Understand the key structure that facilitates Chinese companies to raise funds from overseas investors while complying with government regulations
Has the storm for Chinese stocks past or is there more to come?
Are your investments in China at risk? Why was there such a sell off of Chinese stocks? Will foreign investors be cut off from their investments and the Chinese market due to regulations? To answer these questions, we need to understand the method Chinese companies raise funds from investors abroad – the VIE model.
A variable interest entity (VIE) refers to a business structure in which an investor has a controlling interest despite not having the majority of voting rights. VIEs are set up such that investors do not have a direct ownership stake in the company but rather have contracts, which specifies rules and a percentage of profits. Hence, investors do not participate in profits or losses that usually come with ownership. The contracts don’t provide for voting rights either.
Variable interest entities are usually established as special purpose vehicles (SPVs) for a multitude of purposes – which could include conducting R&D or just passively holding financial assets.
2. VIEs in China
For companies within Mainland China, there are two routes to raise capital via IPO: onshore listing (also known as A-share listing) and offshore listing (also known as red-chip listing). A-share listing requires companies to meet higher qualifications and can be quite a lengthy procedure. Hence, many companies look to be listed abroad.

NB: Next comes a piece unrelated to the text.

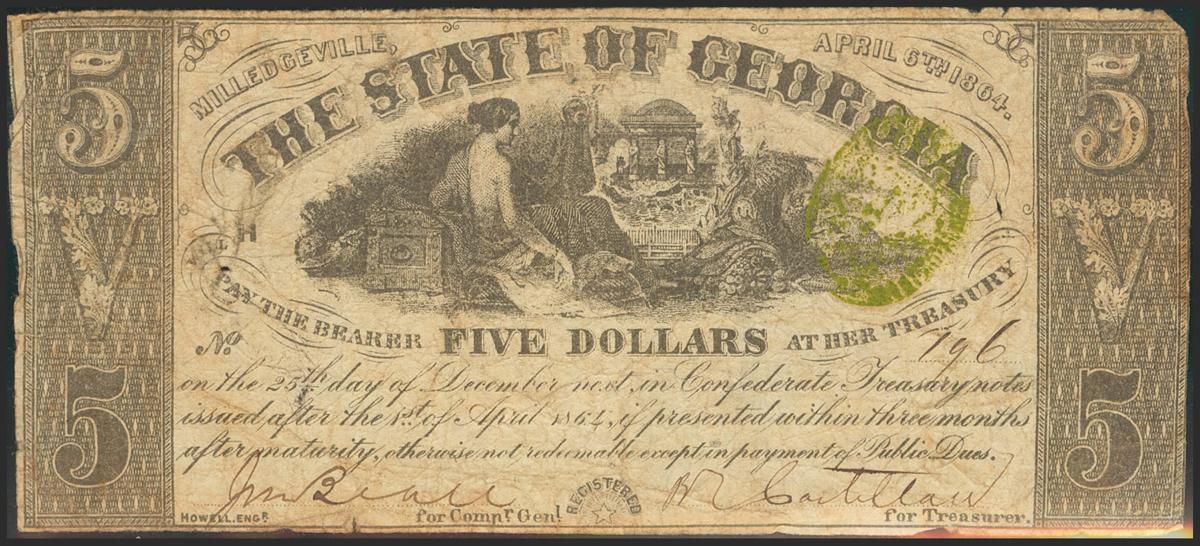 UNITED STATES OF AMERICA. Obsolete currency. 5 Dollars. 1864. The State of Georgia. (Pick: Not Listed). Pinholes, small holes. Very Good.

Under the PRC laws, any companies that wish to directly list abroad requires approval from the PRC authorities – which is extremely difficult, especially for companies within the TMT sectors. This is because listing domestic companies on overseas exchanges (e.g., in the US) would result in being under the direct jurisdiction of countries abroad, posing potential national security threats due to the sensitivity of the data these companies store.
Here we show the most common VIE structure used by Chinese companies.
Notes: [a] Starting January 2020, per new Foreign Investment Law, WFOE has been abolished and superseded by a new type of business referred to as “foreign-funded enterprise”; Existing businesses are expected to transition to the new designation within five years. [b] PRC Individuals that are in contractual agreements with the WFOE are usually the company’s founders.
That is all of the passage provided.